WHAT TO PRODUCE — From the material below, copy exactly the lines beginning with the one that contains "This is a Japanese" and ending with the one that contains "One 1929 $5 Dallas TX National PCGS 15."; the pictures stay out.

DATA FOR THIS TASK —
= Beginning of Section =

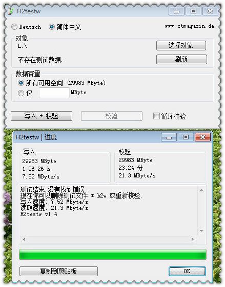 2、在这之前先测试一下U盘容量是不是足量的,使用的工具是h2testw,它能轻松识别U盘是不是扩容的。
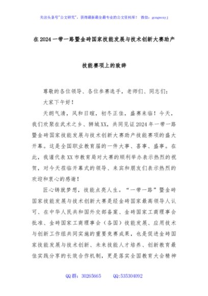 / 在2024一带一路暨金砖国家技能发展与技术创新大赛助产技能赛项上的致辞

= End of Section =
= Beginning of Section =

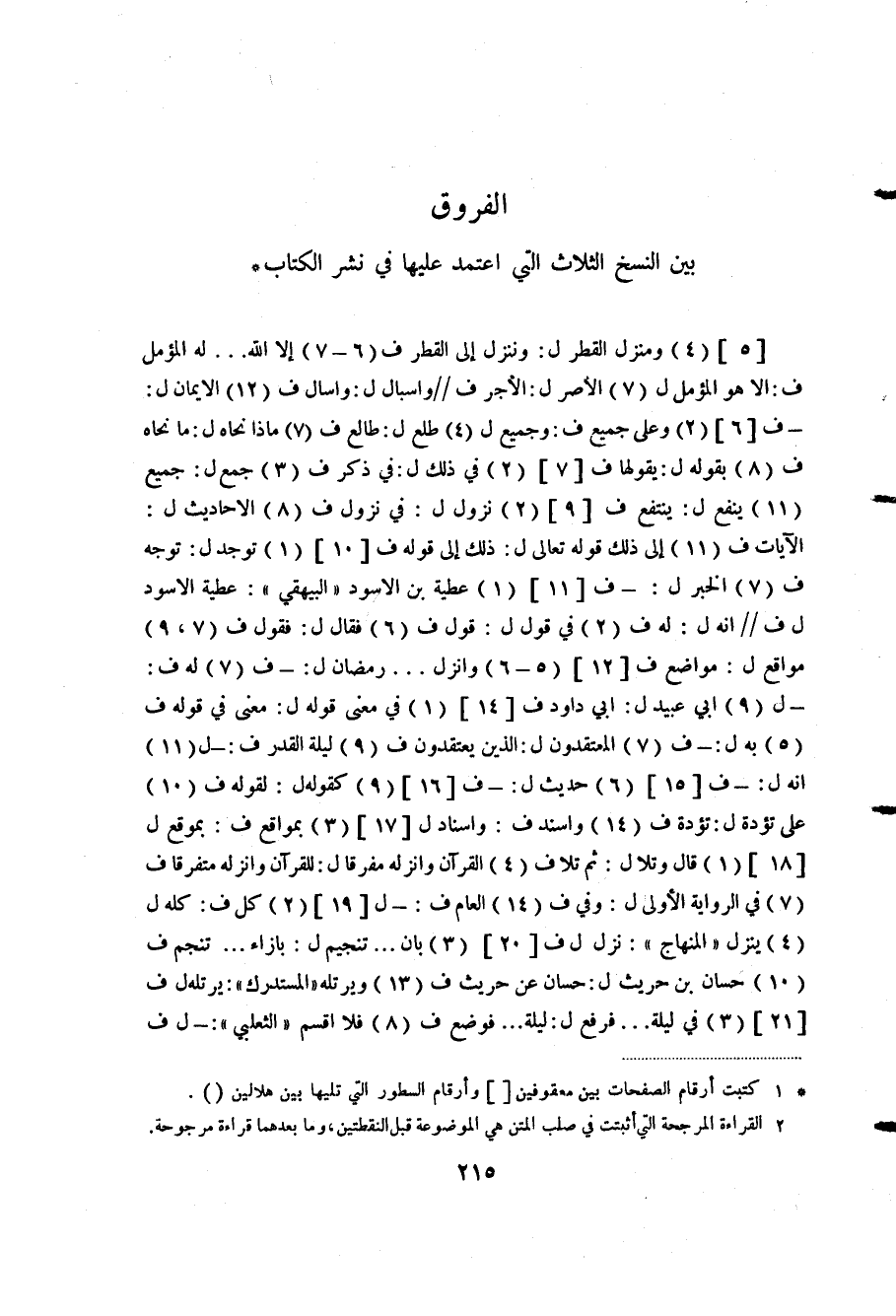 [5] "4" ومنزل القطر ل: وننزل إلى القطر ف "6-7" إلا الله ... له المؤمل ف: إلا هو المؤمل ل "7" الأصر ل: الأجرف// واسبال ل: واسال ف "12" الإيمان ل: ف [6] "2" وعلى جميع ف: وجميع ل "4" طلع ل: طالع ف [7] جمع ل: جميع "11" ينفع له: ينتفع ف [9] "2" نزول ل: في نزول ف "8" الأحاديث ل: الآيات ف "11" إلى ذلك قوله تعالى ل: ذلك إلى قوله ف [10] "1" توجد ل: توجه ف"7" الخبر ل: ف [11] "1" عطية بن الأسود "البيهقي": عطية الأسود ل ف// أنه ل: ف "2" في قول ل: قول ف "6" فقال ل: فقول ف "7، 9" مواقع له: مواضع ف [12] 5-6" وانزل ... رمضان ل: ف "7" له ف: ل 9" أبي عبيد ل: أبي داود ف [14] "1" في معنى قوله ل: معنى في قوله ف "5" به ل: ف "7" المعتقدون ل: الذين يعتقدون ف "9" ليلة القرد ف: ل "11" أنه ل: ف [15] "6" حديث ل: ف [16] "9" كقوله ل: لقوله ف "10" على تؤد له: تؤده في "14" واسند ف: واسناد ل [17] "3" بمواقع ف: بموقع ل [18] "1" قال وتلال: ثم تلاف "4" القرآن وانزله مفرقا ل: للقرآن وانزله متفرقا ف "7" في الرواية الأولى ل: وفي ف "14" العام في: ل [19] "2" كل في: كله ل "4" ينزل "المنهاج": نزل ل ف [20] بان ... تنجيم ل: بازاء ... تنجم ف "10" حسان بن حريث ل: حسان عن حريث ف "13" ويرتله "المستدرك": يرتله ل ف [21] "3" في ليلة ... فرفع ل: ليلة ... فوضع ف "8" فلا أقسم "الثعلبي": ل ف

= End of Section =
= Beginning of Section =

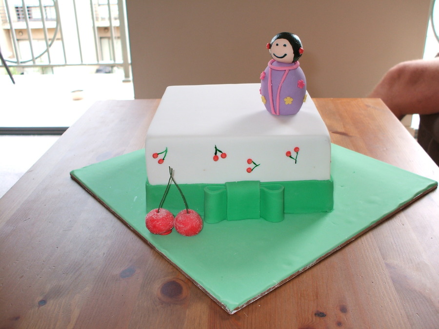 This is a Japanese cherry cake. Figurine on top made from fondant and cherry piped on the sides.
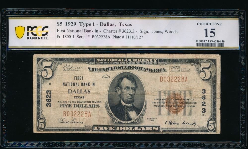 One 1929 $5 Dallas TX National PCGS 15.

= End of Section =

YOUR RESPONSE —
 This is a Japanese cherry cake. Figurine on top made from fondant and cherry piped on the sides.
 One 1929 $5 Dallas TX National PCGS 15.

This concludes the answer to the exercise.